On Sunday, one million visitors were trying to leave the Marienfeld, a large meadow and formerly an open pit mine, 30 kilometers (18.6 miles) west of Cologne after having celebrated mass with the pope. For the organizers, it was a logistical nightmare that guaranteed complications.

A whole stretch of a major autobahn near the western German city was converted into a parking lot and one-way street so that busses could shuttle the young spiritual visitors away from the Marienfeld with as little difficulty as possible for them and the expected return of vacationers in the state of North-Rhine Westphalia, where school starts again this week. The German railway added an extra 400 trains to get the throngs back to Cologne from the makeshift place of worship.

Papst Benedikt XVI.

Pope Benedict celebrates Sunday Mass, the climax of the World Youth Day in Cologne

Dozens of journalists found out personally just what it means to be a pilgrim when they were sent from one exit to the next to find where the shuttle busses were departing. But at the end of the day, security officials said that the million teens and early 20-year-olds were cooperative.

"All but 6,000 have left Cologne (as of Monday morning)," was the word from the police.

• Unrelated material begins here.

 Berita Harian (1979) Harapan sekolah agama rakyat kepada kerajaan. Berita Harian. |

Security tight but seldom needed

Over the course of Pope Benedict's four-day visit to Germany, police reported that there were eight security breaches in the air, including a hot-air balloon that soared on Saturday night over the Marienfeld where WYD held its vigil. On Sunday, the pope-mobile took another route to the Marienfeld due to the discovery of what appeared to be a bomb, but later turned out to be a fake.

"The guest was never exposed to a dangerous situation," was the assessment from Cologne's police chief, Klaus Steffenhagen.

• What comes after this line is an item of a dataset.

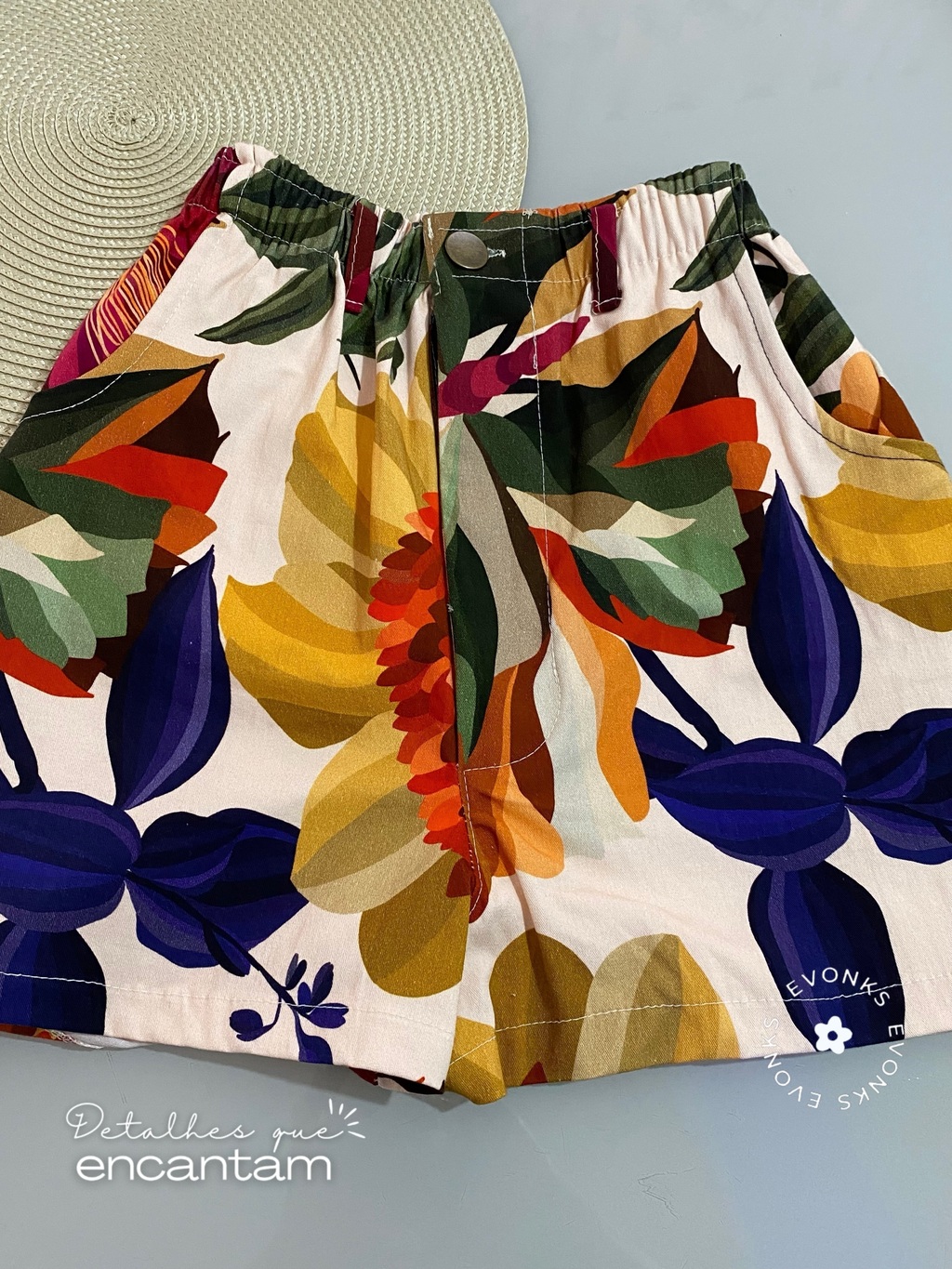 O Short possui elástico em volta da cintura, possui bolso nas laterais, Ziper e botão na frente.

Weltjugendtag 2005 - Zuschauer vor Synagoge in Köln

A strong police presence was on hand but there were no major incidents during the six-day event

In all, over 4,000 police officers from North Rhine-Westphalia, bordering states and other European countries provided protection for the pope and to assure that matters remained under control. The police reported that the majority of crimes committed during the span of WYD was primarily theft of articles from backpacks.

Home hamlet receives low-flying Pope

While hundreds of thousands made their way by bus, boat and airplane back to their respective home countries, Benedict boarded a plane that was chosen specifically for the pope as it's named after the Bavarian town of Regensburg, where the he worked as a university professor for many years and still owns a house.

Jubel in Deutschland über Papstwahl

Marktl residents celebrated the pope's election in front of the house where he was born on April 19

The residents of Benedict's birthplace, Marktl am Inn in Bavaria, received their most-famous son in an unusual fashion. It wasn't a personal visit, but the pope's airplane flew low enough for him to see the illuminated city.

The fire brigade shone spotlights on the house where Benedict was born Joseph Ratzinger on April 16, 1927. Also, candles were lit to create an effect visible from the air.

It also was not limited to the visual. From the plane's cockpit, Benedict communicated with Marktl residents via radio and prayed with them.